Note that once the writing to the view's memory block has completed, the contents of the file has changed. The operating system might not immediately flush the changed data to disk, but usually this is near-instant. No separate commit or flush operation is needed; this is one of the beauties of memory-mapped files.

To share the mapped file between processes, you must give your view a name. The name allows you to open a synchronized view in more than one process, and it goes without saying that the name must be unique among object names in the system. Assume that you want to send a string from one process into another. Here is the code to open a named memory-mapped view, and to write a simple string to the view:

  MemoryMappedFile mmf = MemoryMappedFile.CreateOrOpen(
    "my-mmf-map-name", 1000);
  MemoryMappedViewAccessor accessor =
    mmf.CreateViewAccessor();
  string message = "Hello, Memory-Mapped World!";
  byte[] asciiBytes = Encoding.ASCII.GetBytes(message);
  accessor.WriteArray(0, asciiBytes, 0, asciiBytes.Length);
  MessageBox.Show("Message written.");

Note how in the above code there is no physical file to contain the data. Because of this, you need to specify a capacity parameter when calling the CreateOrOpen method. In the above code, this is set to 1,000 bytes. The capacity defines the size of the memory block. But more on this shortly. Returning to the example of sharing information between processes, the next step would be to use the similarly-named view in another process to read the string back:

  MemoryMappedFile mmf = MemoryMappedFile.CreateOrOpen(
    "my-mmf-map-name", 1000);
  MemoryMappedViewAccessor accessor =
    mmf.CreateViewAccessor();
  byte byteValue;
  int index = 0;
  StringBuilder message = new StringBuilder();
  do
  {
    byteValue = accessor.ReadByte(index);
    if (byteValue != 0)
    {
      char asciiChar = (char)byteValue;
      message.Append(asciiChar);
    }
    index++;
  } while (byteValue != 0);
  MessageBox.Show("Found text: \""+message+"\".");

In the above code, the second process opens the same memory-mapped view by using the CreateOrOpen static method of the MemoryMappedFile class.

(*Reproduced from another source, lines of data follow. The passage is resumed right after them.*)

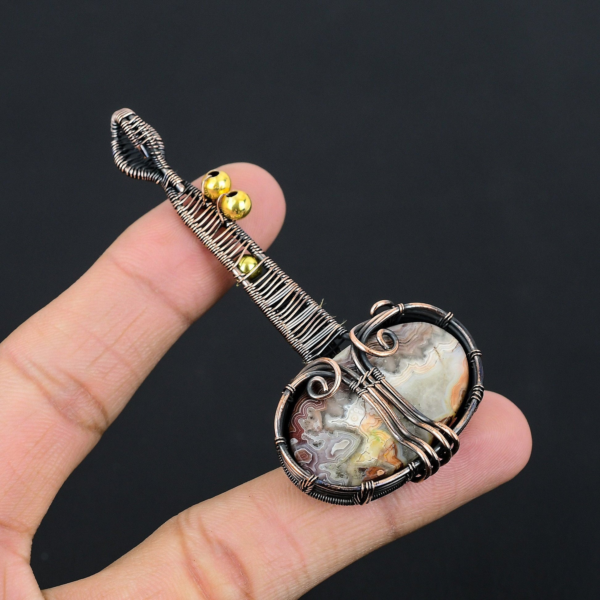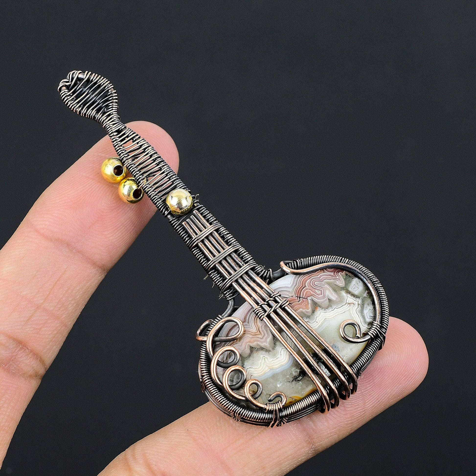 Elegant and uniquely designed, this exquisite guitar-shaped pendant is a harmonious blend of artistic craftsmanship and natural beauty. Featuring an intricate wire-wrapped design, it highlights the artisanship and attention to detail.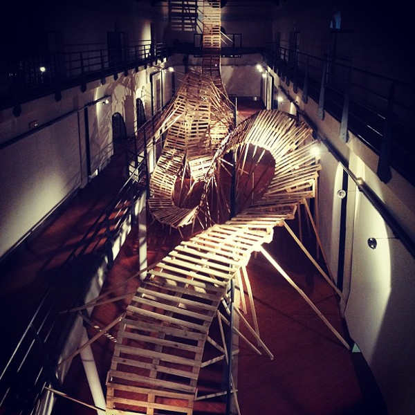 Construit à partir de palettes, ce serpent de bois ressemble à un pont sur lequel il est impossible de marcher, à un chemin qu’on ne peut emprunter, à la langue d’un monstre invisible, à un grand huit qui aurait été secoué par un dieu colérique et burlesque, à une forme pure qui aurait renoncé à la perfection pour révéler l’absurdité manifeste de toute tentative de donner un sens à l’existence, puisqu’en tant que telle cette forme incarne précisément l’existence.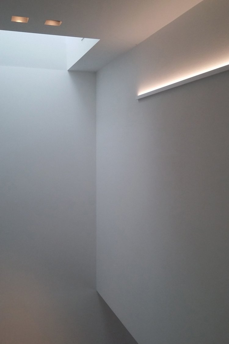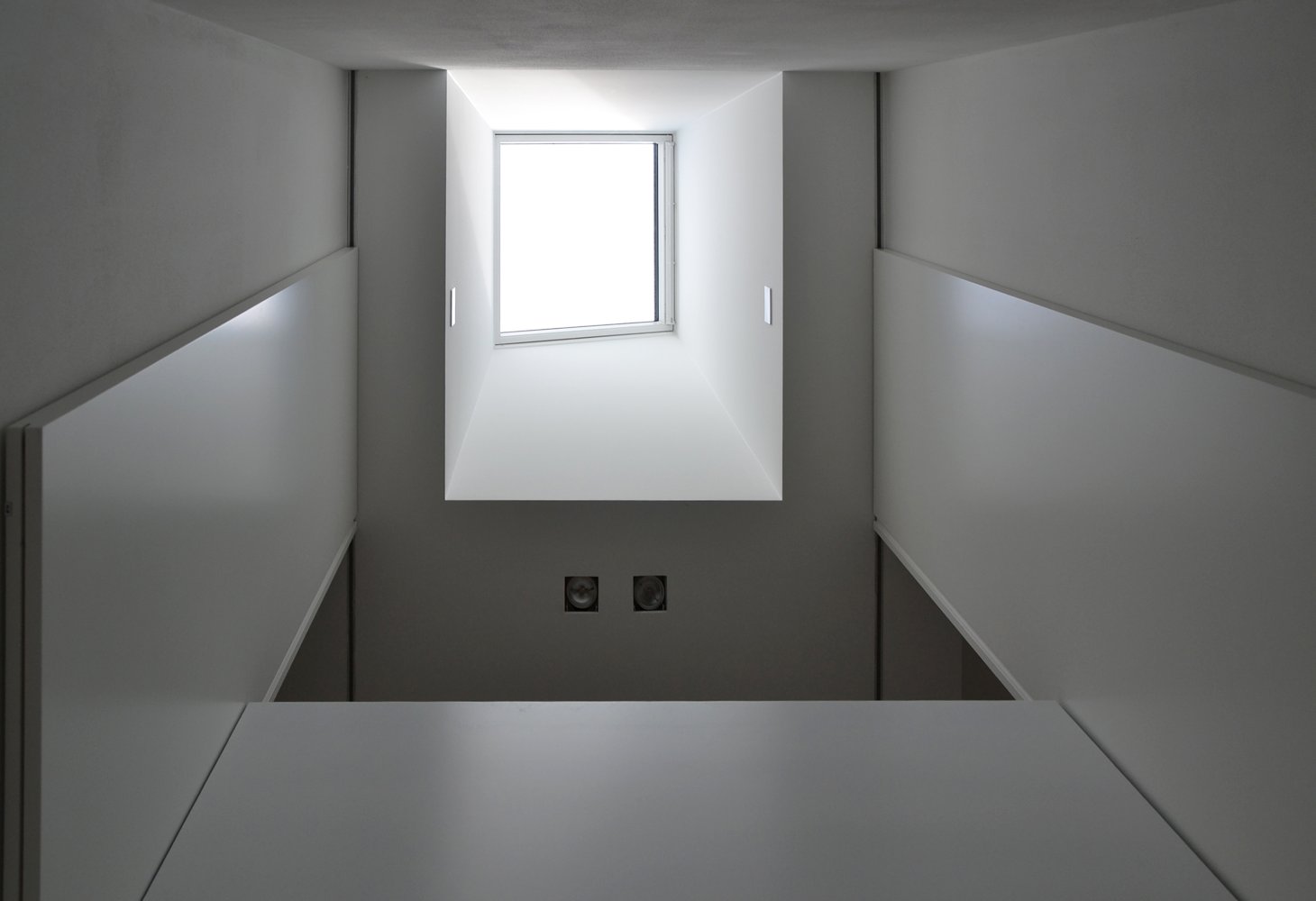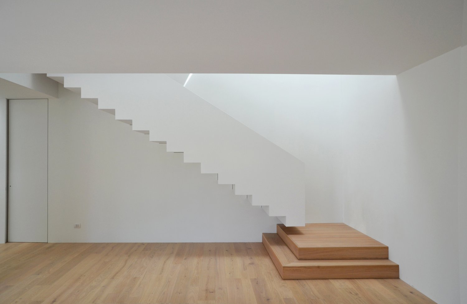 Questa abitazione in due livelli è basata su una chiara suddivisione funzionale in due blocchi, separati da uno spazio verticale in cui una scala a sbalzo trova posto come una scultura indirizzando tutti i flussi distributivi principali. Due lucernari permettono alla luce naturale di spiovere sull’ingresso, sulla parete e sulla scala creando un’inaspettata atmosfera che varia nell’arco del giorno. Gli spazi interni trovano la loro naturale estensione nel giardino e nelle terrazze che assicurano un adeguato ombreggiamento in estate.

Then, the accessor object is created just the same as before, and the data is read byte-by-byte until a zero terminator byte is found. Then, the message is processed, which in this case means showing it on the screen. A very easy way to do inter-process communication (IPC) between processes!

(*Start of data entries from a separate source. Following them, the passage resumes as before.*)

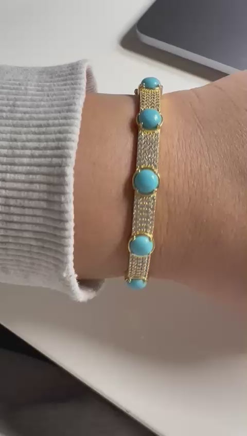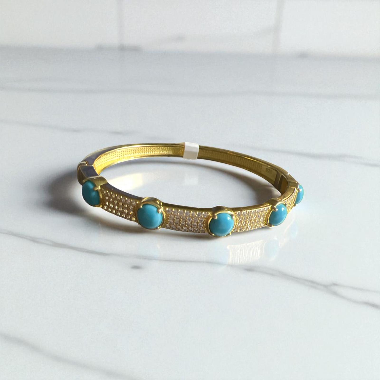 This exquisite bangle combines the warmth of 14k gold plating over sterling silver with the vibrant hues of turquoise stones, accented by sparkling CZ diamonds. Expertly crafted, it offers both durability and elegance, making it a refined addition to any jewelry collection. The turquoise brings a unique pop of color, while the CZ diamonds add subtle brilliance, perfect for elevating your style with a touch of sophistication.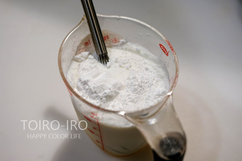 牛乳200mlに米粉パウダーを大さじ1~2ほど加えてよく混ぜ合わせておきます。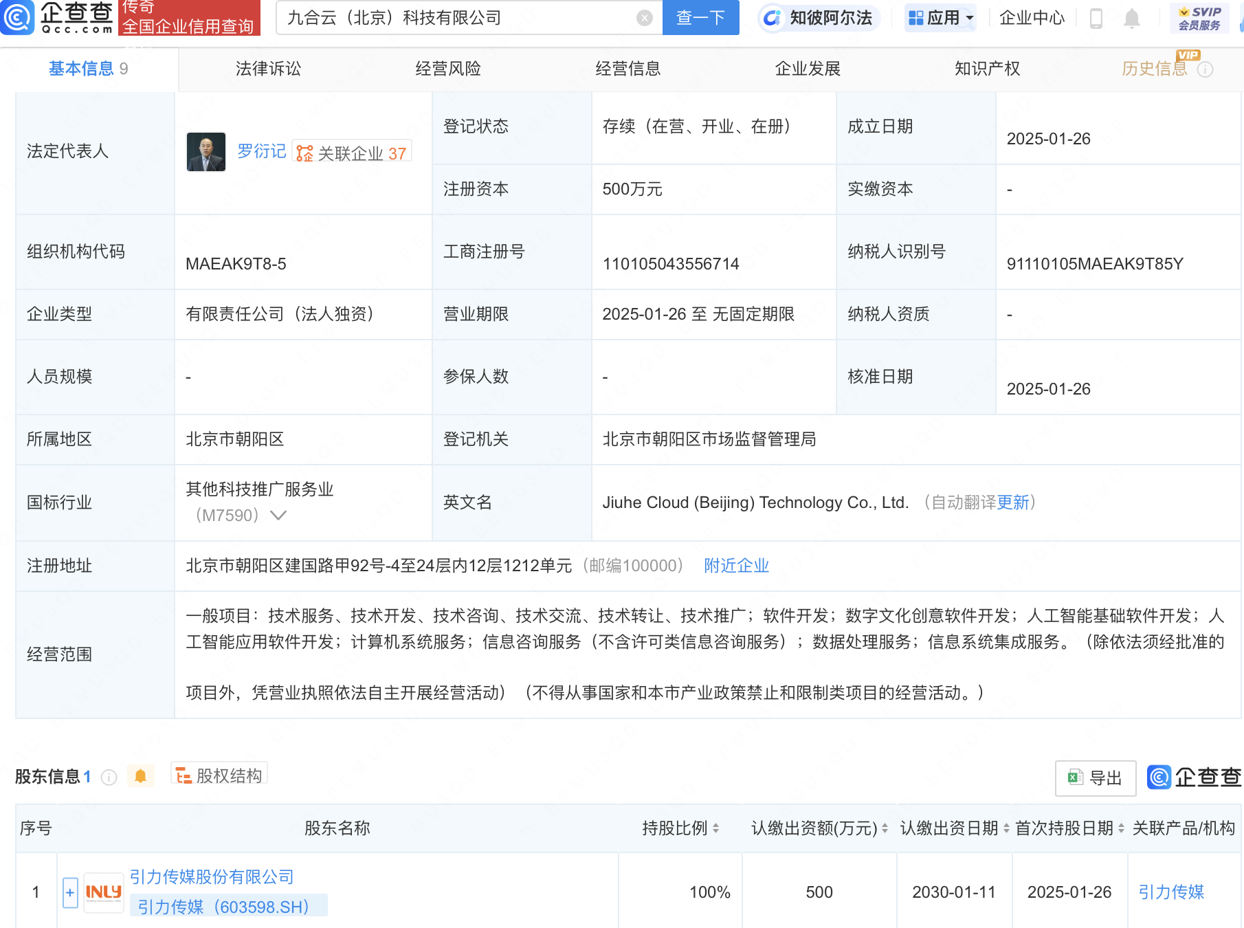 企查查APP显示,近日,九合云(北京)科技有限公司成立,法定代表人为罗衍记,注册资本500万元,经营范围包含:数字文化创意软件开发;人工智能基础软件开发;人工智能应用软件开发等。企查查股权穿透显示,该公司由引力传媒(603598)全资持股。

Creating, Expanding and Truncating files

So far, you have learned how to access memory-mapped files that have already existed on disk, or created on the fly for inter-process communications. What if you wanted to create a file from scratch, expand or truncate a file mapped into memory? Luckily, all these three scenarios are straightforward to implement.

First, if you wanted to create a new file to create a memory-mapped view on, you could execute the following code:

  FileStream file = new FileStream(
      @"C:\Temp\MyNewFile.dat", FileMode.CreateNew);
  MemoryMappedFile mmf =
      MemoryMappedFile.CreateFromFile(file, null, 1000);
  MemoryMappedViewAccessor accessor =
      mmf.CreateViewAccessor();

Here, a new file is created by specifying the CreateNew mode in the call to the FileStream's constructor. This will create a new, zero-length file on disk. Such empty files cannot be directly used to create views, and so the CreateFromFile method call must contain a capacity parameter. In the above example, the file will have a capacity of 1,000 bytes, and if nothing else is written to the file, then the file will contain values of zero, i.e. null characters.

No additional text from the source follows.